WASHINGTON – For the past six years, the Iranian president's speech at the annual gathering of the United Nations has been met by a ritual walkout of Western diplomats. This year, they're likely to hang around till the end — and some may even applaud.

Instead of the angry diatribes of former President Mahmoud Ahmadinejad, Hassan Rowhani, his soft-spoken successor, is likely to give a conciliatory address to world leaders this week. It will be closely watched for signs that he is willing to thaw relations with the West.

Western diplomats predict that Rowhani's speech Tuesday at the U.N. General Assembly will include an important gesture, perhaps an acknowledgment of the Holocaust. U.S. officials would like to see him go further during his five-day visit, possibly by consenting to direct talks with Washington for the first time since diplomatic relations were ruptured by the 1979 Islamic Revolution.

The White House says it has not scheduled a meeting between President Obama and the 64-year-old cleric.
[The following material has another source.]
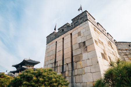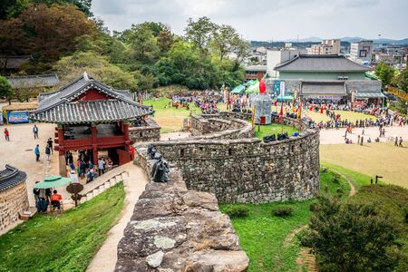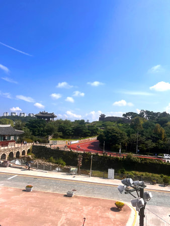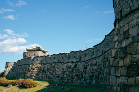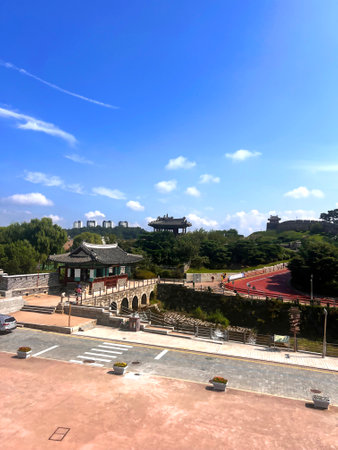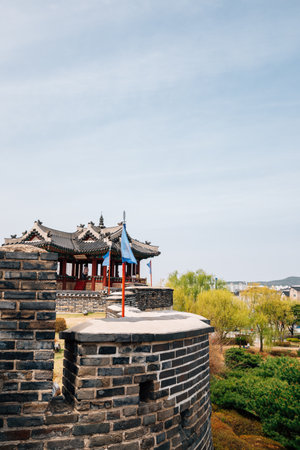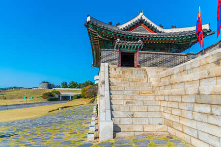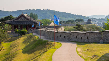 Suwon, South Korea - June 19, 2017: Hwaseong Fortress or Suwon Hwaseong is a fortification surrounding the centre of Suwon.
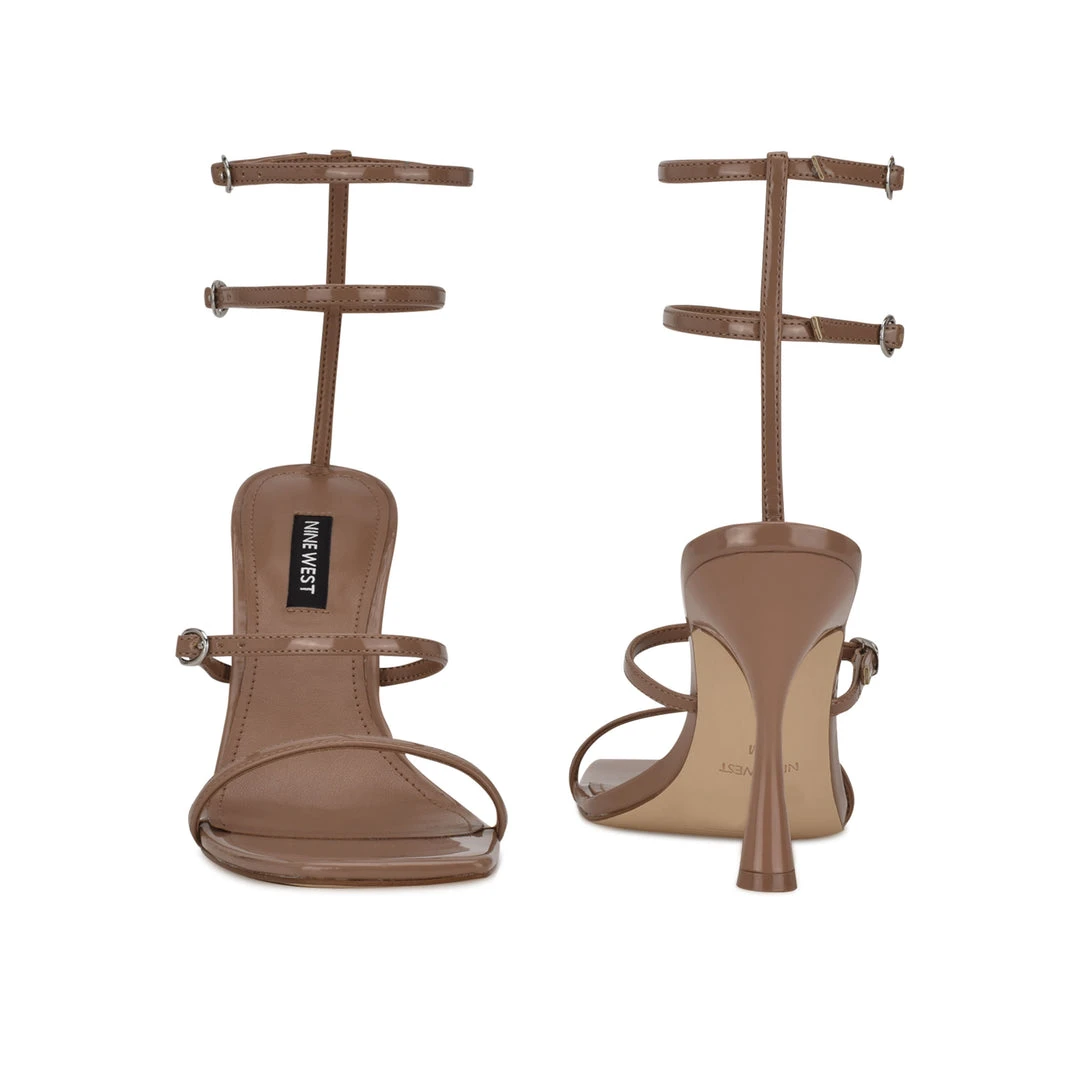 Need an ultra sexy yet simple shoe for your wardrobe? The Aves strappy sandal is your answer. This barely there high heeled sandal features four ultra skinny straps across the foot and around the ankle, a modern square toe, and cylindrical high heel.

But U.S. officials have dropped hints that Obama and other top officials are ready for impromptu chats with Rowhani or his U.S.-educated foreign minister, Mohammad Javad Zarif, that could open the way for bargaining on Iran's disputed nuclear program.

Obama has repeatedly signaled his willingness for direct contact, both in remarks and in a recent exchange of letters with Rowhani, who was elected in June after a campaign that included pledges to ease Iran's isolation and improve relations with the West.

Iran's most powerful figure, supreme leader Ayatollah Ali Khamenei, has long resisted compromise on the nuclear program. But with punitive sanctions increasingly squeezing the economy, he has signaled top-level support for the Rowhani mission, including allowing the release of 11 political prisoners. Most had been held since the government crackdown that followed Ahmadinejad's disputed re-election in 2009.

"After eight years of an erratic, unpredictable president who would say outlandish things, you have a normal person as the president of Iran," said Haleh Esfandiari, a former political prisoner under Ahmadinejad who now heads the Middle East program at the nonpartisan Woodrow Wilson International Center for Scholars in Washington. "He is centrist, he is a moderate, he tries to compromise — a word that did not exist in President Ahmadinejad's lexicon."

The question is whether Rowhani and his aides realize they'll have to accept stiff limits on their nuclear program before Washington and its allies unravel the web of sanctions that have cut Iranian oil exports in half, battered the currency and created rampant inflation.

Analysts say Obama must be careful not to look too eager to make a deal. That would undermine his negotiating leverage and alienate influential Iran hawks in Congress, as well as the Israelis, who are counting on the United States to prevent Tehran from getting a nuclear bomb.